Countries are struggling to meet their sustainability commitments. People are worried — time is not our friend. It’s as if the Coronavirus has swept the lid off a contemporary Pandora’s Box and out has poured the sickness, death and other evils which have blighted the world while we watch the horror unfold with horror and incredulity in real-time on our devices. The gap between the super-rich and everyone else yawns like a gaping chasm that can’t be bridged. Extreme weather events get more extreme. It seems as if we’re fiddling while the Outback burns.

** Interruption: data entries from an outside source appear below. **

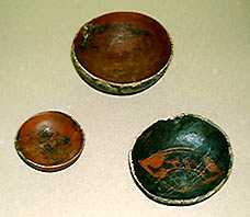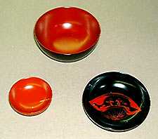 左写真の城山遺跡の出土品をもとに、木地に漆を塗って、製作当時の漆椀を新たに製作しました。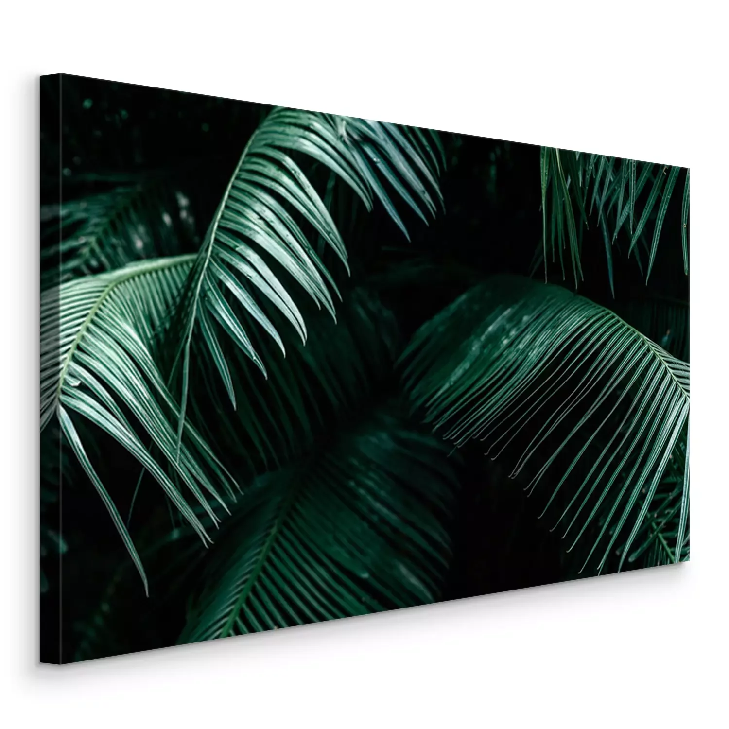 Canvas: Donkergroene palmbladeren in een tropisch woud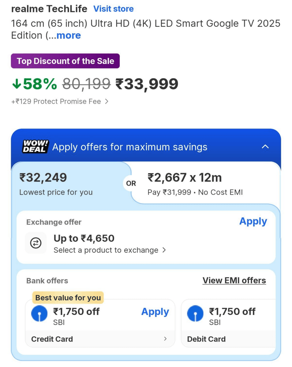 Flipkart Sale में Realme TechLife के 65 इंच Ultra HD LED Smart Google TV पर आपको 58% तक का डिस्काउंट मिलेगा. जिससे आप इस टीवी को 80,199 रुपये की जगह 33,999 रुपये में खरीद सकेंगे. साथ ही अगर आप SBI बैंक कार्ड से पेमेंट करते हैं,तो आपको 1,750 रुपये का इंस्टेंट बैंक डिस्काउंट भी मिलेगा. इतना ही नहीं, अगर आपके पास पहले से कोई पुराना टीवी है, तो उसे एक्सचेंज करने पर आपको करीब 4,650 रुपये तक का एक्सचेंज ऑफर भी मिलेगा. जिससे आप इस टीवी को और भी सस्ते में खरीद सकते हैं. इस मॉडल पर आपको 1 साल तक की वारंटी भी मिलेगी.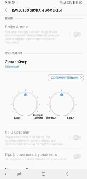 В плане звучания Samsung Galaxy A9 (2018) не очень интересен: и в наушниках и через громкоговоритель звук не насыщенный, не яркий, простенький и не очень громкий, хотя достаточно чистый. Есть возможность ручных регулировок и пятиполосный эквалайзер с пресетами, есть поддержка Dolby Atmos, но все включенные дополнительные эффекты делают максимальный уровень громкости еще ниже, а сам звук — более глухим.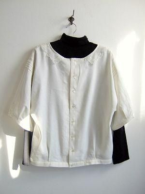 こちらは一足早くhaupiaより届きました2009Spring新作ブラウスです。オーガンジーの生地にリボン刺繍が入った繊細な襟。胸元と肩にタックが入りゆったりとちょっぴりルーズなシルエット。バックボタンで女の子らしさをプラス。随所にhaupiaらしさがいっぱいのこだわりのブラウスです。重ね着も◎
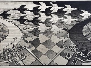 Le opere dell’artista e incisore sono immediatamente riconoscibili per la loro predisposizione “costruzioni impossibili” e portano al concetto di infinito con lo studio personale degli schemi geometrici trasformati in forme diverse e chiaramente paradossali. Si pensi alla progettazione delle piastrelle per la sua casa di Roma nel 1926, tra simmetrie inusuali con una proprietà delle forme e dei colori insospettabile. Nel tempo (1937) gli studi sulla matematica applicata all’arte trovano libera interpretazione nell’approfondimento sulla cristallografia (grazie agli approfondimenti del magiaro György Pólya). L’incontro con il matematico Harold Scott MacDonald Coxeter segna l’inizio di una nuova fase delle sue ricerche artistiche dove le dimensioni dei suoi disegni progressivamente si restringono dal centro verso la periferia.

We make pacts with our higher powers that the future will be better. That sustainability won’t be thrown out with the bathwater. We talk about “the new normal” as if it’s a point in time we are waiting to arrive at. But there’s no pre-ordination involved. The new normal is a blank canvas waiting for our artist’s brush. The only question is what do we paint? Will it be a beautiful harmonious landscape? A primal scream? A world where no-one is left behind? I’m putting my money on the latter.

Crises serve up latitude to break moulds. To change the status quo. Shock allows for more shock. We’ve been through so much, what’s a little more if it turns this moment to benefit? As New York Times opinion writer Charlie Warzel put it, Right now, in the midst of a series of cascading, intersecting crises (racial and economic inequality, climate change, mass unemployment, a pandemic) what’s possible feels more of an open-question than any other moment in recent times.”

My sudden addiction to The Chase during Lockdown, did kick up a useful piece of trivia. Pandora’s Box didn’t only contain all the bad stuff. It also held Hope and we need Hope to soar around the world and work its magic. With hope loose in the world, I’m backing us humans to open our minds to the possible and make all the sacrifice mean something.